For the listing below, return the line containing "Slika 2. Jadranska zona", the line containing "Jadranska plesna zona", and all lines in between, exactly as written and nothing else.

Source material.
::::
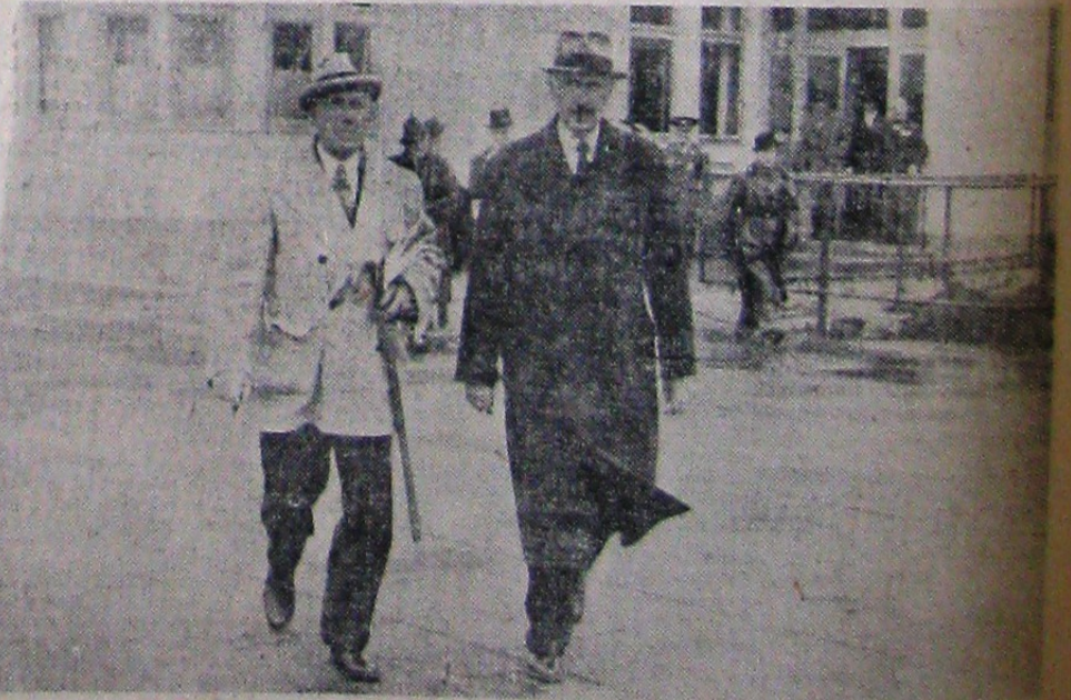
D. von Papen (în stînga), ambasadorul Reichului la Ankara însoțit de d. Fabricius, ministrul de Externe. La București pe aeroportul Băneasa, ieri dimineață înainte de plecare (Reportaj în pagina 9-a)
::::
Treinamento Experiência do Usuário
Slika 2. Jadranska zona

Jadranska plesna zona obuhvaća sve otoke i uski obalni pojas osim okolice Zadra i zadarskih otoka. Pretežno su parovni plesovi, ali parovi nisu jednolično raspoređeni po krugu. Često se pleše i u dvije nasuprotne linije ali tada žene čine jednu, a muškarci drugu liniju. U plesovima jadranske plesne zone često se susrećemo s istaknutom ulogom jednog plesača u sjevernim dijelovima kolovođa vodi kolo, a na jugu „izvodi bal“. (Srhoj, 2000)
::::
Reply to the exercise.
Slika 2. Jadranska zona

Jadranska plesna zona obuhvaća sve otoke i uski obalni pojas osim okolice Zadra i zadarskih otoka. Pretežno su parovni plesovi, ali parovi nisu jednolično raspoređeni po krugu. Često se pleše i u dvije nasuprotne linije ali tada žene čine jednu, a muškarci drugu liniju. U plesovima jadranske plesne zone često se susrećemo s istaknutom ulogom jednog plesača u sjevernim dijelovima kolovođa vodi kolo, a na jugu „izvodi bal“. (Srhoj, 2000)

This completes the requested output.